The majority of United Nations ground forces involved were U.S. Marines, commanded by General of the Army Douglas MacArthur. MacArthur was the driving force behind the operation, overcoming the strong misgivings of more cautious generals to a risky assault over extremely unfavorable terrain.

Contents

Background

Pusan Perimeter

From the outbreak of the Korean War following the invasion of South Korea by the North in June 1950, the North Korean People's Army had enjoyed superiority in both manpower and equipment over the Republic of Korea Army and the United Nations forces dispatched to South Korea to prevent it from collapsing.[4] The North Korean strategy was to aggressively pursue UN and ROK forces on all avenues of approach south and to engage them, attacking from the front and initiating a double envelopment of both flanks of the unit, which allowed the North Koreans to surround and cut off the opposing force, which would then be forced to retreat in disarray, often leaving behind much of its equipment.[5] From their initial June 25 offensive to fights in July and early August, the North Koreans used this strategy to effectively defeat any UN force and push it south.[6] However, with the establishment of the Pusan Perimeter in August, the UN troops held a continuous line which the North Koreans could not flank, and their advantages in numbers decreased daily as the superior UN logistical system brought in more troops and supplies to the UN army.[7]

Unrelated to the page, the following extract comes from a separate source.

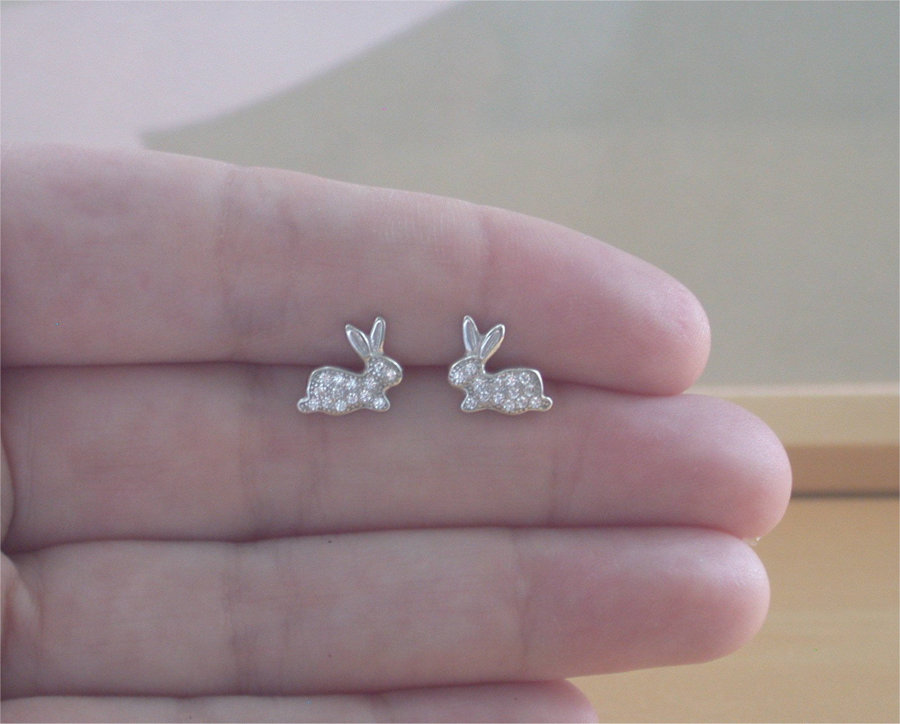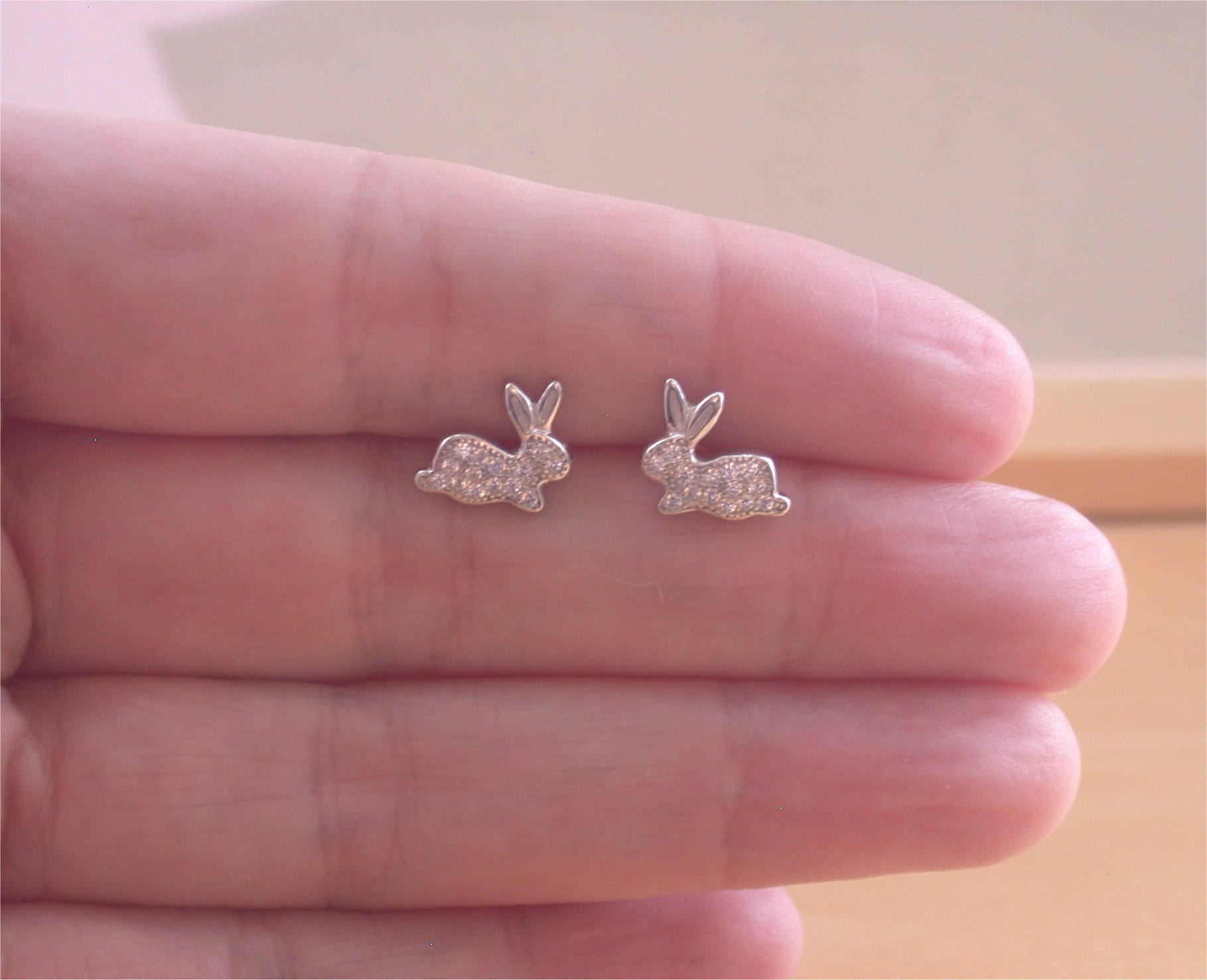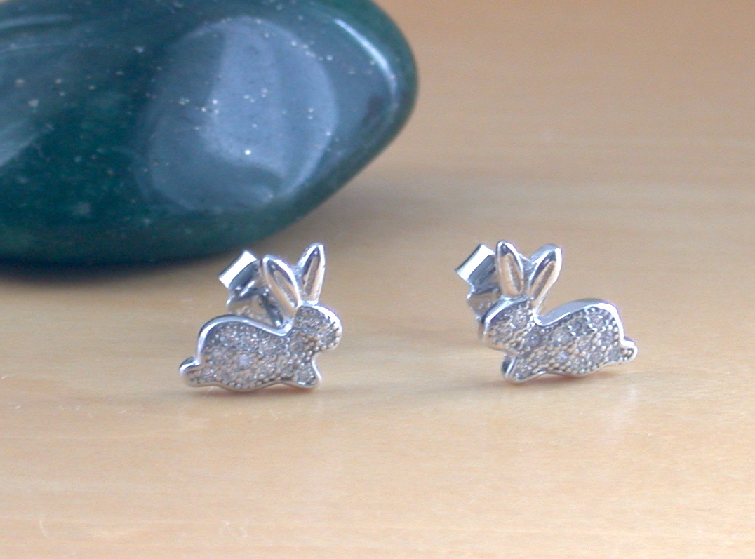 925 Crystal Zirconia Rabbit Earrings/Cz Rabbit Stud Earrings/Rabbit Jewellery/Rabbit Jewelry/Cz Earrings/Bunny Rabbit Studs/Crystal Bunny

When the North Koreans approached the Pusan Perimeter on August 5, they attempted the same frontal assault technique on the four main avenues of approach into the perimeter. Throughout August, their military conducted direct assaults resulting in the Battle of Masan[8] and Battle Mountain,[9] as well as the First Battle of Naktong Bulge,[10][11] the Battle of Taegu.[12][13] and the Battle of the Bowling Alley[14]. On the east coast, three more North Korean divisions were repulsed by the South Koreans at P'ohang-dong during the Battle of P'ohang-dong.[15] These attacks stalled as UN forces, well equipped and with large standing units of reserves, repeatedly repelled North Korean attacks.[16] All along the front, the North Korean troops were reeling from these defeats, the first time in the war their strategies were failing.[17]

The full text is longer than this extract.